Although Clooney and Crosby were unable to make an album together at this time, they made the albums Fancy Meeting You Here, How the West Was Won , and That Travelin' Two-Beat later in their careers. They also co-starred in a network radio show and frequently appeared together on television during the 1950s and 1960s.

Many reissues of the song "Sisters" incorrectly attribute the performance to both Lee and Stevens when both parts are sung by Lee using overdubbing.

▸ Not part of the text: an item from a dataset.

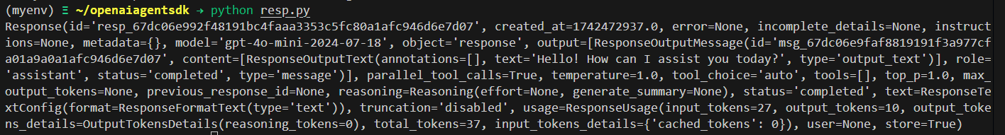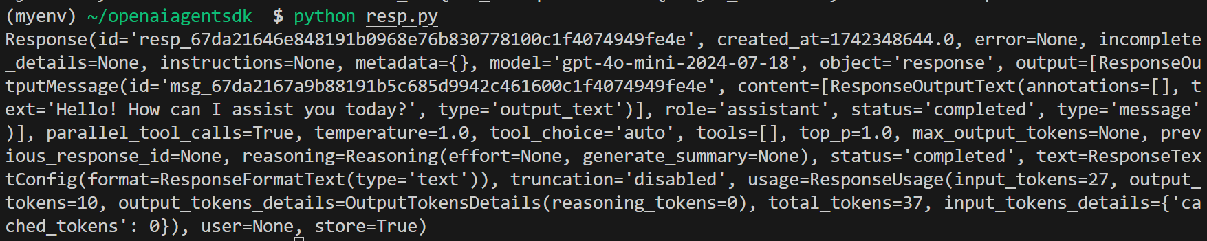from openai import OpenAI client = OpenAI() response = client.responses.create( model="gpt-4o-mini", input="Hi!" ) print(response) |

 Variety said, "Another sock talent parlay adds up to another click pic score package."

Track listing

Personnel
 Bing Crosby – vocals
 Danny Kaye – vocals
 Peggy Lee – vocals
 Trudy Stevens – vocals
 The Skylarks – vocals
 Joseph Lilley – arranger, conductor

References

Bing Crosby albums
Peggy Lee albums
1954 Christmas albums
Christmas albums by American artists
Collaborative albums
Danny Kaye albums
Irving Berlin tribute albums

hr:Bijeli Božić (pjesma)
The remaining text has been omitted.